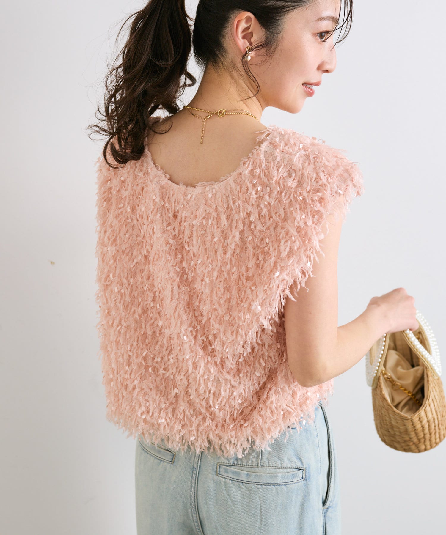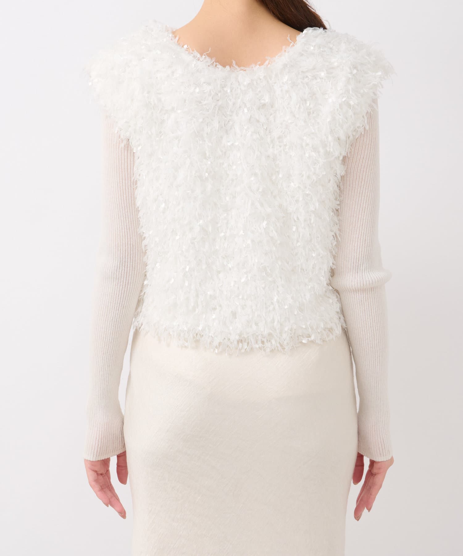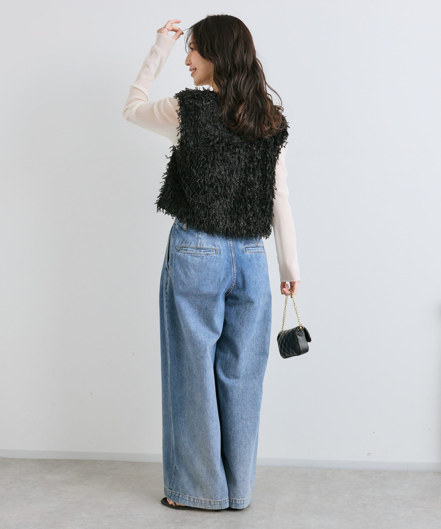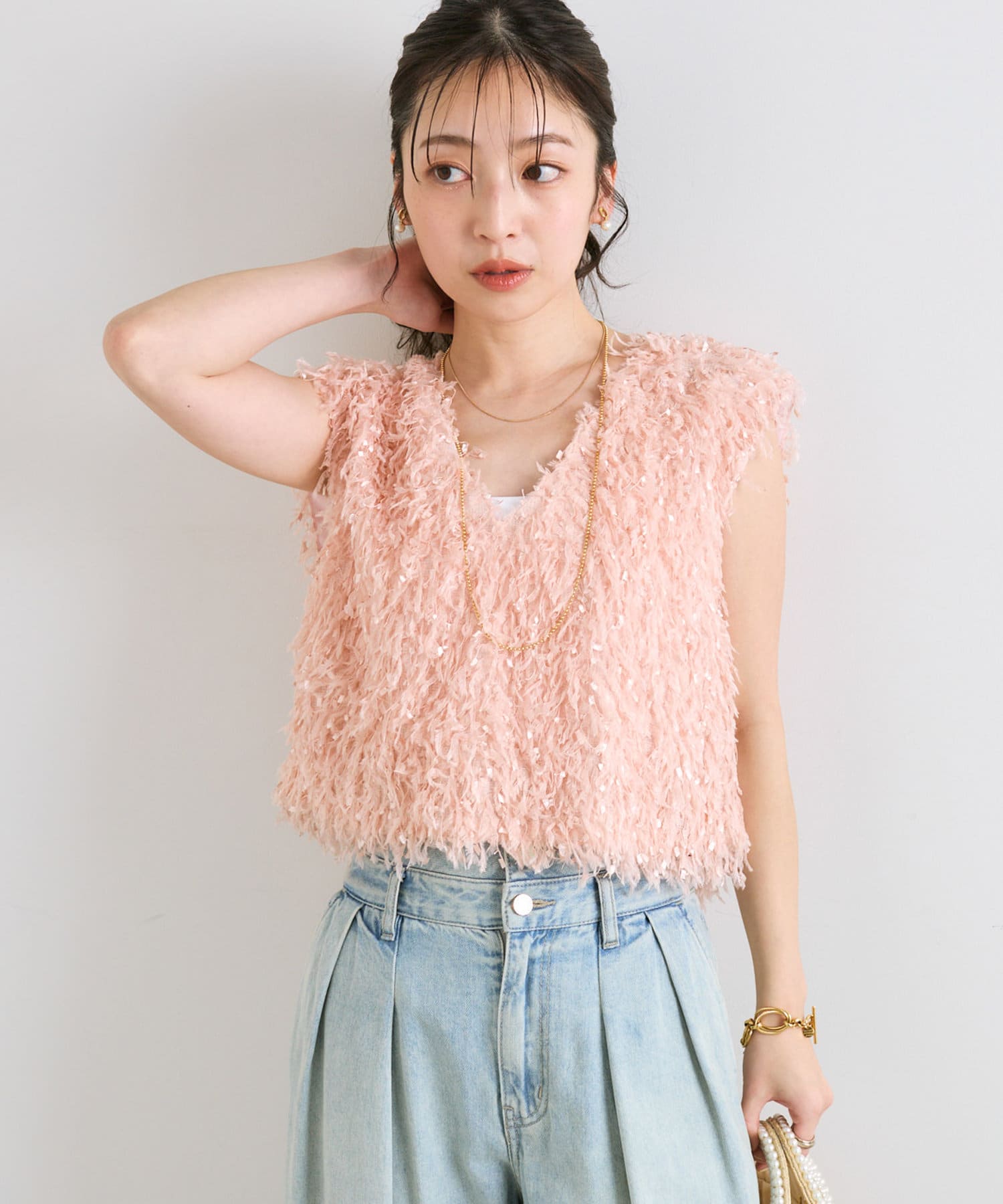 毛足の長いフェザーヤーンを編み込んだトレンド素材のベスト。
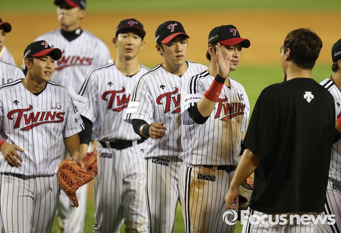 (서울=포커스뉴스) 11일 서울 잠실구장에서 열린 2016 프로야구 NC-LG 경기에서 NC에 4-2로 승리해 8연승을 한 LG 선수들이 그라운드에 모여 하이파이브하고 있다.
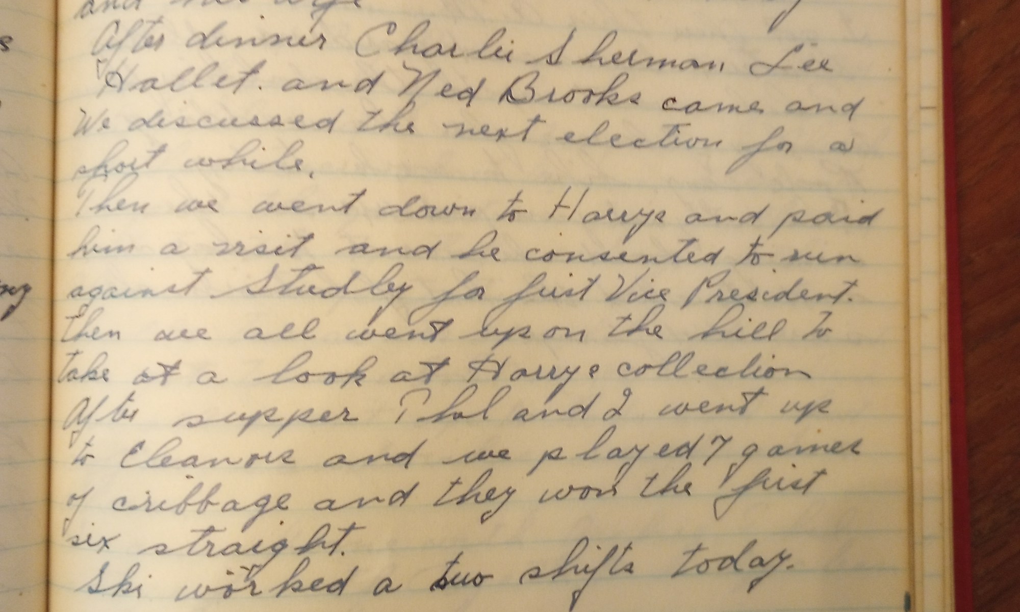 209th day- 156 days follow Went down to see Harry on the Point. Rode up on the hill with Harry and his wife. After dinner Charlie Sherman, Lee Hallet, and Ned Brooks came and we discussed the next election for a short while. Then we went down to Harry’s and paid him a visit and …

---

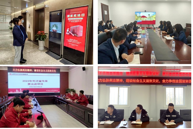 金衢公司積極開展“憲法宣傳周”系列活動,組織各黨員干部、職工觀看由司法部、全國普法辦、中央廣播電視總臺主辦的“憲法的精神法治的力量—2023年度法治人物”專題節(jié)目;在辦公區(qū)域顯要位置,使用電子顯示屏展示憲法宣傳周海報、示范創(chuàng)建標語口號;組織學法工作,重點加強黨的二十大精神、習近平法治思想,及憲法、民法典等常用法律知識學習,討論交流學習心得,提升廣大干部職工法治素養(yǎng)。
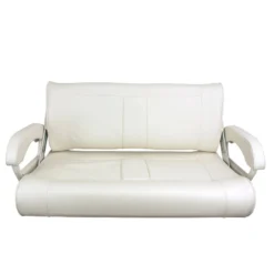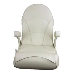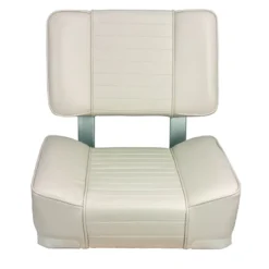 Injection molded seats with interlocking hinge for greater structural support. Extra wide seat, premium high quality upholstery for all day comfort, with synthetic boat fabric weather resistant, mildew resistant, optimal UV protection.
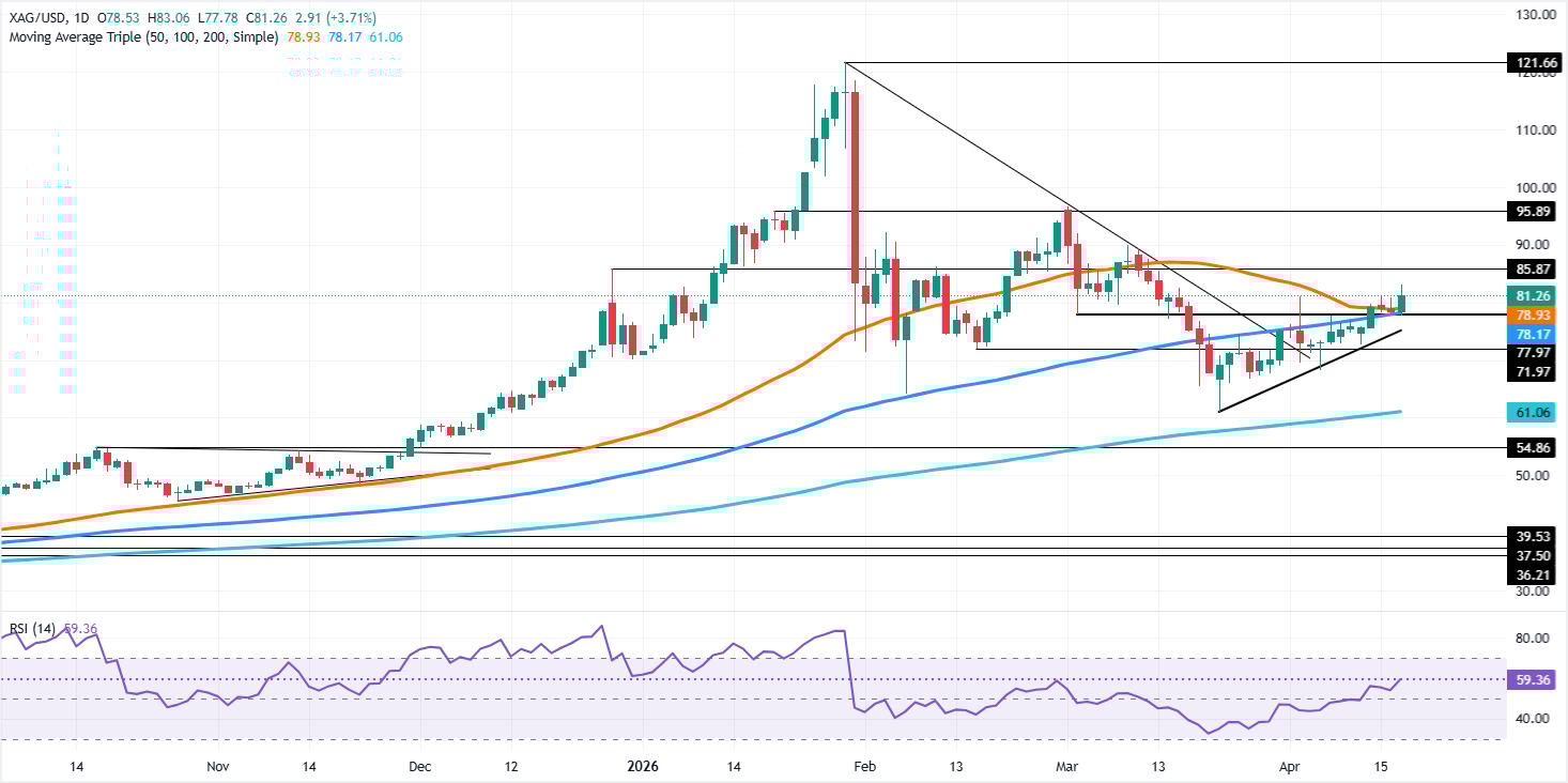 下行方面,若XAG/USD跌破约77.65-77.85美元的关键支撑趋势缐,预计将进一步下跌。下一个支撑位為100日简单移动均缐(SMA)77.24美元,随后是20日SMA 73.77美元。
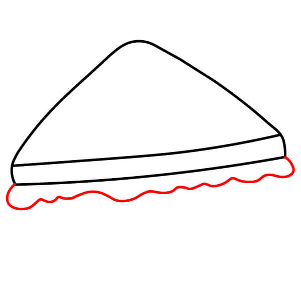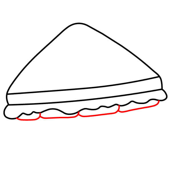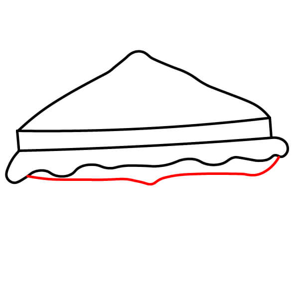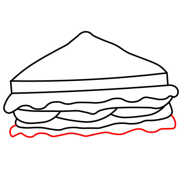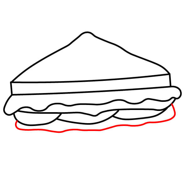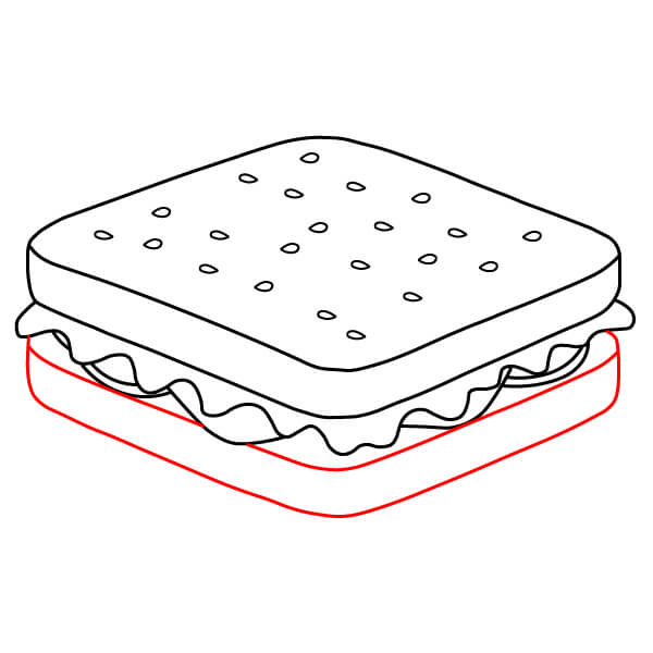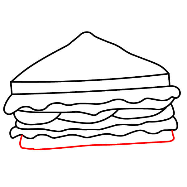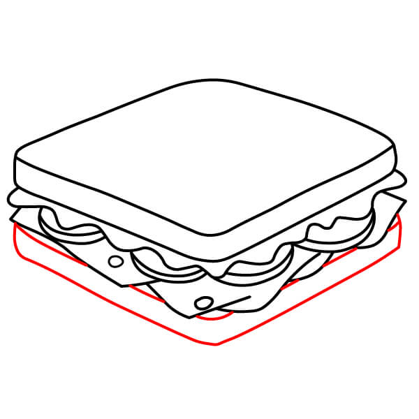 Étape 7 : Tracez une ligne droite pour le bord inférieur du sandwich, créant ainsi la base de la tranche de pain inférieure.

Brief: When you reach the line with "Injection molded seats" in the records above, start writing out each line exactly, and stop after the line with "Étape 7 : Tracez". Pictures stay out.

Written response:
 Injection molded seats with interlocking hinge for greater structural support. Extra wide seat, premium high quality upholstery for all day comfort, with synthetic boat fabric weather resistant, mildew resistant, optimal UV protection.
 下行方面,若XAG/USD跌破约77.65-77.85美元的关键支撑趋势缐,预计将进一步下跌。下一个支撑位為100日简单移动均缐(SMA)77.24美元,随后是20日SMA 73.77美元。
 Étape 7 : Tracez une ligne droite pour le bord inférieur du sandwich, créant ainsi la base de la tranche de pain inférieure.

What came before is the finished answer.